This may even inspire a blog post, which would be a change, but after today's commute I'm beginning to wonder why I keep cycling.
The short answer is it keeps me going. The longer answer is that infernal combustion every day would cost too much and smells horrible, and would erode the first reason further. I was given my first bike when I was very young and the longest I've ever gone without riding a bike was 6 months. Today, and you might be surprised by this—I was too—I realised that I've finally stopped enjoying cycling in Edinburgh. I'm an engineer to my core: I love my bikes; and I try to help people feel that love for their own bikes. Yet each of mine is dangerously close to becoming little more than a means to an end. Far too quickly I'm coming to understand why people don't want to cycle, and I don't want to become one of those people. I shouldn't have to; I shouldn't be made to.
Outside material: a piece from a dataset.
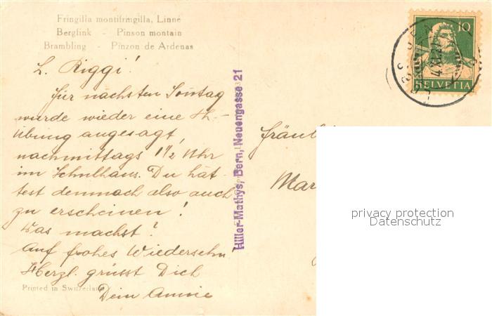 73742071 Voegel Birds Oiseaux Uccelli Pajaros– Berglink-Pinson montain postalisch gelaufen Erhaltung siehe scans [IrynaD87] alte Postkarte Iryn Katcode 22540000003500

Because I'm fed up; of drivers overtaking me too closely, or undertaking me just to gain five seconds, or pulling U-turns in front of me without consideration of my speed, or shouting abuse at me just for existing. I'm fed up of poor driving standards that ignore conditions, like traction, or visibility, or gradient, or an ability to accelerate, and standards that are seemingly based on the driver's comparison with their performance during the previous five minutes. I'm fed up of the narcissistic me-me-me, me-first! attitude that pervades driving nowadays, in which traffic lights and roundabouts are to be beaten, rather than respected.
I'm fed up of being polite on the road, and in return getting none of the human respect I would like. I can get no respect far more easily simply by not caring how I ride my bike.
I'm fed up of our city's roads that are being repeatedly destroyed by buses and lorries and not repaired properly, or even engineered properly. I'm fed up of road repairs that aren't remotely fit for purpose and that shake my bike to pieces.
I'm fed up with our city's pretensions to being supportive of cycling. That it treats me, and everyone else using human power, as though we were whizzing about on micro-scooters, weaving madly amongst pedestrians without a care, and able and happy to jump off on a whim. That it repairs only the roads that carry the most and the largest vehicles, and leaves the quieter, preferable routes to rack and ruin. I'm fed up of useful cut-throughs being 'repaired' to prevent their use by cyclists, forcing us to reconfigure our routes to include more dangerous areas requiring manoeuvres that we were only too happy to avoid before.
I can't help wondering how many people, pounding the treadmill or spinning nowhere fast in a gym of an evening, were once busy cycling on the road but had that enthusiasm burned out of them.
I will probably cycle to work tomorrow. The fresh air will do me good, as will a bit of exercise, but my mood is damaged.